Fordham-Meier: The obvious thing to say is, with less money invested across fewer companies, we are going to have less innovation. To reverse that mindset, new ways have to be found to convince investors to part with their cash. Co-investment is one way to build investor confidence and reduce their risk: another is to demonstrate differentiation as early as possible, not just in the clinical sense in treating the disease but in showing value against competing products and a path to reimbursement.
Bonifant: I am a little more optimistic. There will continue to be money for innovation, but the process has to adapt. Studies will no longer be structured to ensure the best arguments to secure registration, but to provide real learnings for the entire scientific enterprise. That's just one change that must take place to maintain the industry's credibility.
Simes: The US government is not creating a policy environment to support innovation. The debate is all about limiting budgetary exposure to high-cost drugs. We are at the point where Medicare and other public payers might be motivated to encourage the FDA to refuse authorization for drugs because they don't want to be exposed to reimbursement. That's a cycle that only leads in one direction: less innovation.
WL: Is there no sense that increased federal financial support for drug discovery could help counter any pullback by a risk-averse private sector?
Simes: The Obama Administration has proposed more funding for the National Institutes of Health, and much of this would be targeted to help facilitate commercialization of promising compounds. But this money is a drop in the bucket compared to what the private sector does already. And government support tends for political reasons to be widely dispersed, which means critical scale around the most feasible projects is lost. My company received $244,000 from the $1 billion appropriation for the therapeutic discovery tax program. Although it was appreciated, when the appropriation was distributed among the thousands of projects, the amount proved too small to make much of a difference to all but the very smallest companies. On the other hand, a better corporate tax rate linked to investments in R&D could free billions in new investor and industry cash now sitting on the sidelines.

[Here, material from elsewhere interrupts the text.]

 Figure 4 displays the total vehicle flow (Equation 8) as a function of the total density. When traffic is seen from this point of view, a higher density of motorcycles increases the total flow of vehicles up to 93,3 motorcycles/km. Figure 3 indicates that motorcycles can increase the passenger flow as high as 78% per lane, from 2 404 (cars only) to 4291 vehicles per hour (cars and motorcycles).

Bonifant: What government really has to focus on is identifying where the regulatory uncertainties are and building more clarity—predictability—into the approval system.
Melincoff: One other thing government can do is to end the cycle of litigation geared to limiting the period of exclusivity. Give the industry a fixed time for exclusivity, as in the European system, and make it strong enough that there would be no litigation within that time frame. Investors would respond by taking on a bit more risk.

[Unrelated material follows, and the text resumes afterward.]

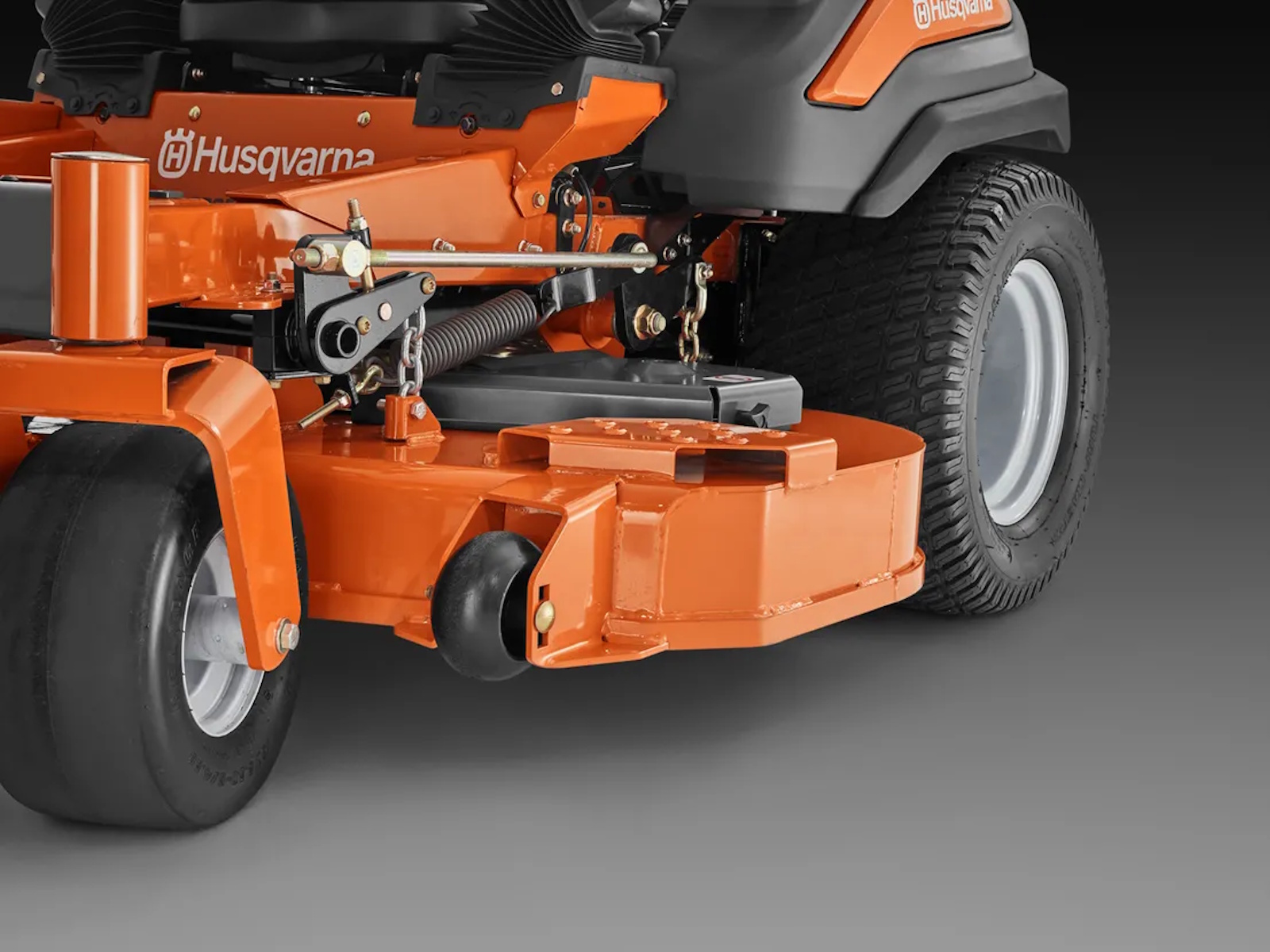 - The deck lift system is spring assisted and allows convenient hand free operation. A simple locking pin adjusts cut height.

Simes: I agree, with a caveat that most politicians don't understand even the basic risk-benefit calculation that companies use to decide on investments. Members of Congress seem to believe that when the FDA approves a drug as "safe and effective," it is going to be safe just because the FDA decreed it so. Not true. The political rationale is disconnected from commercial reality; the politicians want from the industry radical innovations that cure or reverse the course of disease while expecting such breakthroughs will always be benign in terms of side effects and will cost very little in terms of reimbursement. We are moving to an environment where therapeutic assets are deployed by committee-think, and a single payer or committee could end up deciding what your product portfolio should be and what returns you will get from it.

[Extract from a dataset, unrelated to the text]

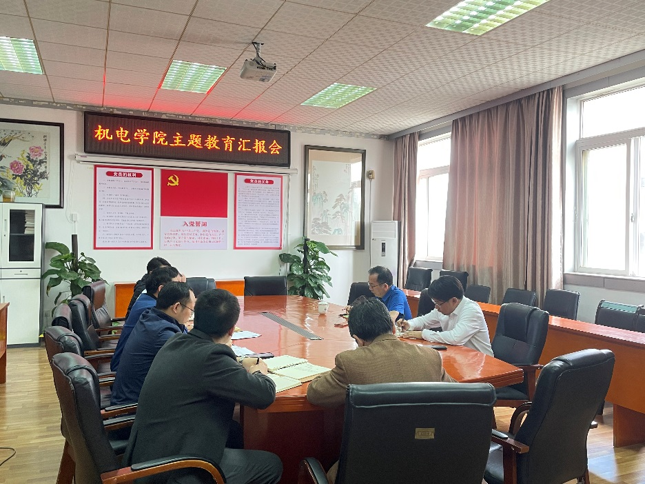 柳和生认真听取了机电学院党委负责人关于学院目前主题教育工作进展、存在问题及特色亮点的情况汇报,详细了解了领导班子成员调查研究、推动发展、检视整改等方面的工作进度。

Davis: The defense industry already operates that way. The Department of Defense (DoD) is active in early stage research, establishes contracts to fund development costs, and decides as a sole purchaser what its price will be when the product is ready for deployment. It can often revise the contract to take account of things in the deal that didn't go well.
DeBenedetto: I assume we are unanimous in seeing the DoD as a poor model for the biotech industry. Our goal has to be to prevent the politicization of this business. It's already apparent at the FDA. Most of the reviewers and committees are objective and want to decide based on the evidence presented to them. It's Congress and the policy community that carries a different agenda. In practice, they can force the scientists to do what is expedient.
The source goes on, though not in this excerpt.